Fifth Assignment completed and assessed (in record time) by Nina Milton, my Tutor. Spent a few evenings re-writing with her suggestions in mind and then saved ready for assessment. Now I am working on the essay and the final course commentary, to be finished by the end of February.
So last week I put the final piece of my course plan into action. I created a single document, split into chapters the same as the assignments, without all the paraphernalia of the requirements of the OCA (headers with Assignment identifiers and student number etc). I thought a more normalized view would make my target volunteer feel more comfortable.
Yes! I was about to turn over the first five chapters of FADE to my colleagues eleven year old son. I was fine, in principle - in a detached way. I printed it off, placed a front sheet - blank, of course, so that other colleagues would not see what I was handing over - and waited for her to come in. Being a busy single parent she arrived at her usual time, flustered and in a flurry that only arriving almost late to work after being up for hours trying to organize and entire household can produce. The usual "good mornings" exchanged between work mates and I sat there silent. She noticed. She smiled. I smiled, my tongue cleaved to the top of my mouth and I got up and walked to the coffee point to get a glass of water.
I returned. I waited. The office settled and there was a general "getting on with things" atmosphere. I got up and stood at my colleagues side and slid the 14,000 plus words onto her desk. She stared and then looked up with a grin. I instantly wanted to run and hide.It was then that she dropped the bombshell that not only would her son be reading it but so would her older daughter - "well it's coming into our house" her brilliant justification, which made me smile - and she ("of course") would read it with them.
Now I REALLY wanted to run and hide.
"That's okay isn't it?"
Not really an open question, I thought and a little unfair having been thoroughly ambushed. I shrugged and said "Yeah" as casually as I could. I sat down - panic flooding through every corpuscle and nerve ending.
I drank the glass of water.
This was good. An almost twelve year old (target audience), a fifteen year old and a work colleague of forty would be reading it; "more the merrier", surely? Yes, of course - get on with your work.
What if "he" hates it?
What if it bores him?
What if they all hate it?
This felt like the nerves I had going in for my abdominal surgery five years ago.
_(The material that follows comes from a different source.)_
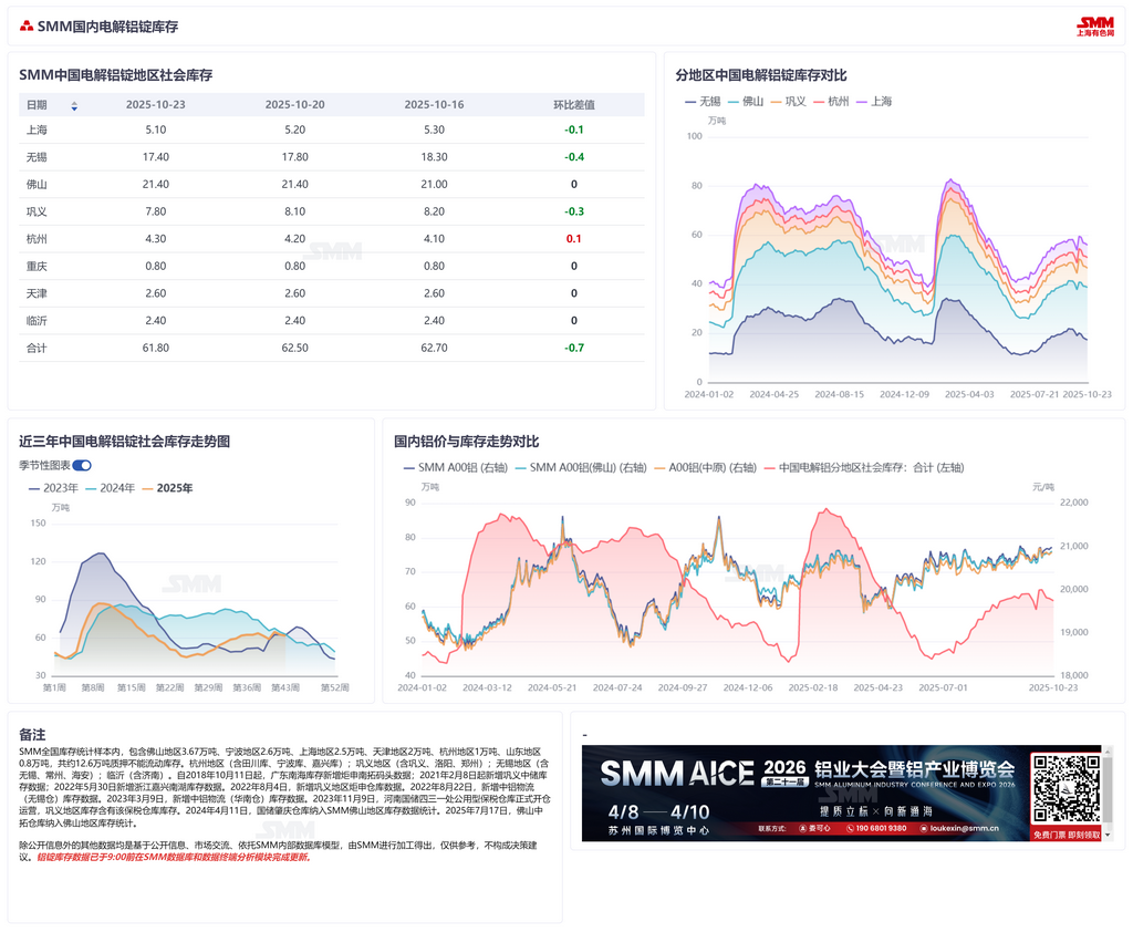 2025年10月23日电解铝锭:周四库存61.80万吨【SMM数据】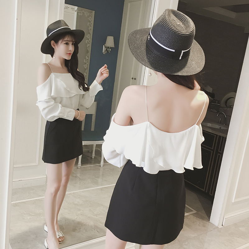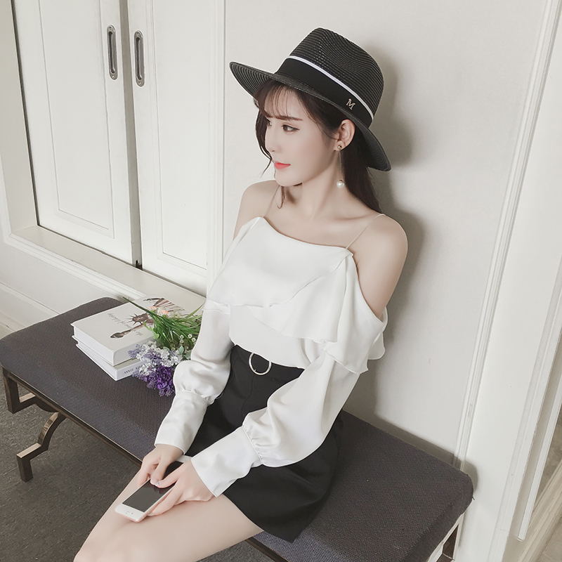 春夏新款女裝韓版一字領露肩荷葉邊吊帶雪紡衫女士燈籠袖露背上衣

I realized that I had not put any questions for him to answer on the blank front page; I asked for the piece back. Reluctantly, it was placed on my desk and I stared at it, suddenly I was unable to think of three perfectly leveled questions that would give me perfect feedback.I picked up my pen and wrote "Comments?"
Then I handed it back.
The following day my colleague rushed in beaming. The usual good mornings and I tried not to look at her, her desk, anything around her; in fact I was accused of staring at my own computer screen and looking furious about something. I was embarrassed and scared.
Then she leaned over, still grinning.
"He's hooked! He had to be forced to stop reading it last night and go to bed. Well, we both stopped at the same place, end of chapter two," she said. She was beaming again, she leaned forward and added "You HAVE to publish it!"
I laughed - quite a bit more loudly than I envisaged - then I replied "I have to finish writing it first."
It's been five days so far. Five days of thinking about them reading it, wondering, wishing and being generally scared to death that I have made a mistake.
I thought this was a good idea. It is. What I hadn't bargained on was the feeling of being exposed. I feel completely at their mercy - an eleven year old, fifteen year old and a forty year old could crush and devastate me.
Am I proud of FADE? Yes, what there is of it. Do I want to finish it? God, yes. Did I think this would be easy. No! But I thought the easy bit would be handing it over (to the target audience) and getting feedback.
Another learning point - scary or not.